Introduction

The human population has grown dramatically over the last 100 years and there has been a corresponding increase in migration to urban areas owing to better healthcare, education and work opportunities. It has been suggested that demographic expansion and migration are scrambling the genetic structure of human populations (Cavalli-Sforza et al., 1991) and as a response, projects have been initiated to sample the genetic diversity of the world's populations before their genetic identity is lost for good (Cann et al., 2002, The Human Genome Diversity Project, HGDP, and more recently the Genographic Project). It remains unclear though whether these recent phenomena have already produced changes in the genetic structure of human populations and whether the suggestion that human populations are homogenizing into a ‘global melting pot’ is truly justified.

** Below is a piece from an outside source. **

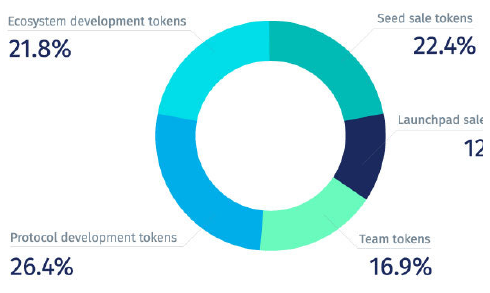 following manner: 22.4% went to the seed sale tokens, 12.5% to the launchpad sale,

This is an important question from an intrinsic or historical perspective (e.g. for understanding the complexity of human migration and demographic history) but is also relevant to applied research in human genetics and medicine. In targeted drug administration, association studies and studies of gene function for example, even small amounts of admixture can lead to false-positive results and failure to detect genuine associations (e.g. Pritchard and Rosenberg, 1999; Deng et al., 2002; Hirschhorn et al., 2002; Freedman et al., 2004; Marchini et al., 2004; Helgason et al., 2005).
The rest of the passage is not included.